Eligibility Criteria

• Ages Eligible for Study: 8 years to 24 years (Child, Adult)
• Accepts Healthy Volunteers: Yes
• Genders Eligible for Study: All

Description

Inclusion Criteria:

• (1) youth is between the ages of 8-14 years
• (2) youth self-asserts a transgender identity
• (3) youth has expressed interest in GnRHa or is currently on GnRHa treatment; or
• (1) AYA is between the ages of 13-24 years,
• (2) AYA self-asserts a transgender identity, and
• (3) AYA has expressed interest in gender-affirming hormone (GAH) or is currently on GAH treatment.
• Parents of eligible youth will be eligible to participate.

Exclusion Criteria:

• (1) youth/parents are unable to read, speak or understand English
• (2) youth/parents are unable or unwilling to provide consent/assent/parental permission for study participation.

Study Plan

How is the study designed?

Design Details

• Primary Purpose: Supportive Care
• Allocation: N/A
• Interventional Model: Single Group Assignment
• Masking: None (Open Label)

Number of Arms

1

Arms and Interventions

Participant Group / Arm	Intervention / Treatment
Experimental: Decision-aid; Participants will spend up to one hour freely navigating the web-based decision aid. They will complete pre- and post-test measures to determine if using the decision-aid website increased knowledge and impacted decision self-efficacy regarding fertility and fertility preservation.	Behavioral: Decision-aid; The decision aid consists of domains related to human reproduction, fertility, and fertility preservation. The domains address priority learning objectives in each domain to increase knowledge on the impact of gender-affirming medical interventions on fertility and fertility preservation options.

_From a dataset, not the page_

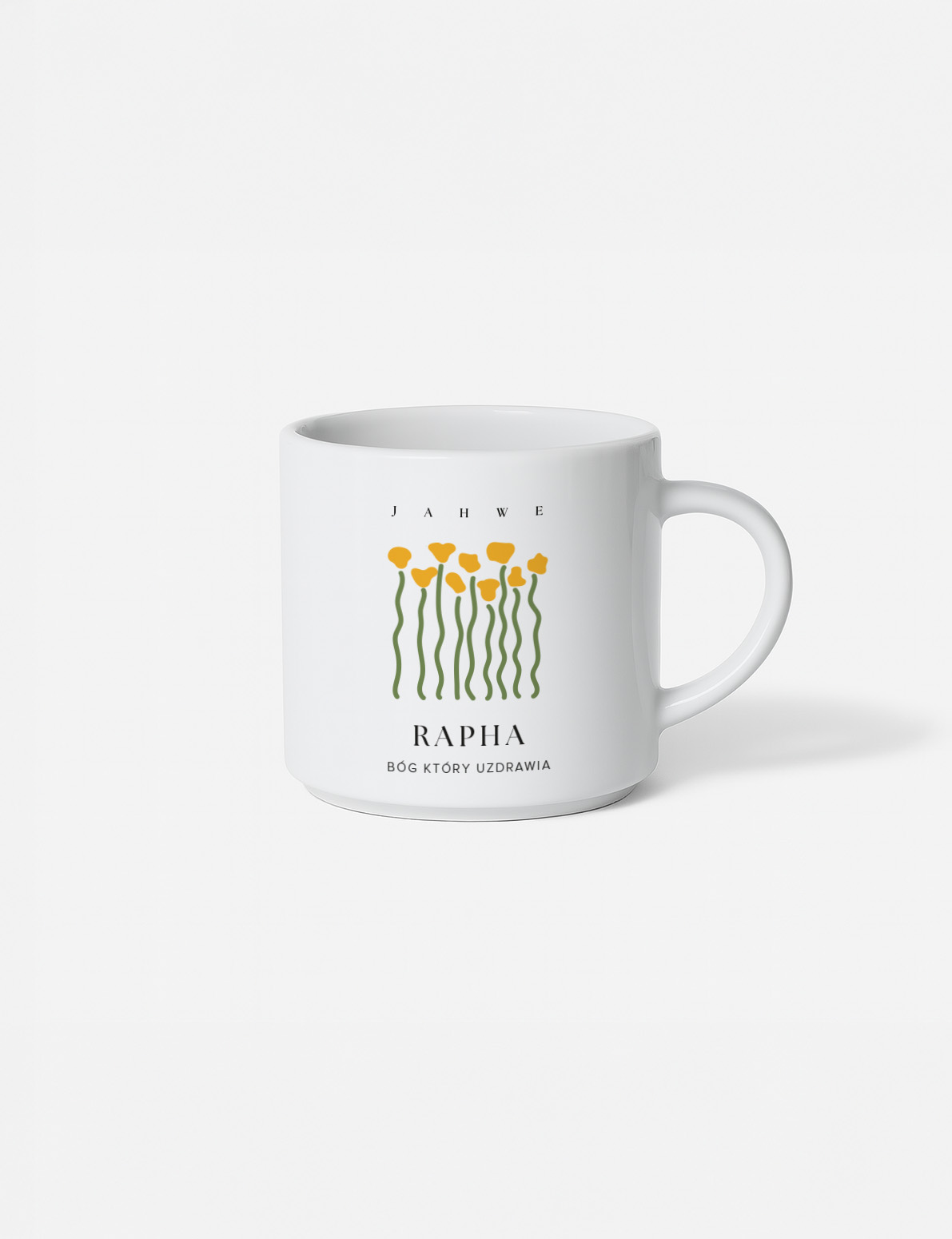 Kubek „Imiona Boga – Rapha” niesie przesłanie uzdrowienia i nadziei. Nadruk zawiera imię „RAPHA” i frazę: „Bóg, który uzdrawia”. To jedno z imion Boga ukazujące Jego troskę o nasze zdrowie fizyczne, duchowe i emocjonalne.

What is the study measuring?

Primary Outcome Measures

Outcome Measure	Measure Description	Time Frame
Change in Fertility-related Knowledge	The primary study outcome is change in fertility-related knowledge from same-day pre-AFFRMED to post-AFFRMED exposure. Participants will complete a fertility-related knowledge test instrument immediately prior to AFFRMED exposure. Participants will be given 1 hour to freely navigate the web-based AFFRMED prototype. Thereafter, participants will get a 5-minute break before completing a post-AFFRMED fertility knowledge test. The knowledge test consists of 41 items, and reflects a percentage correct score ranging from 0-100% correct. The Mean Difference results reflect the difference in fertility knowledge test mean scores between pre-AFFRMED and post-AFFRMED exposure.	Pre-treatment and immediately post-treatment (same day)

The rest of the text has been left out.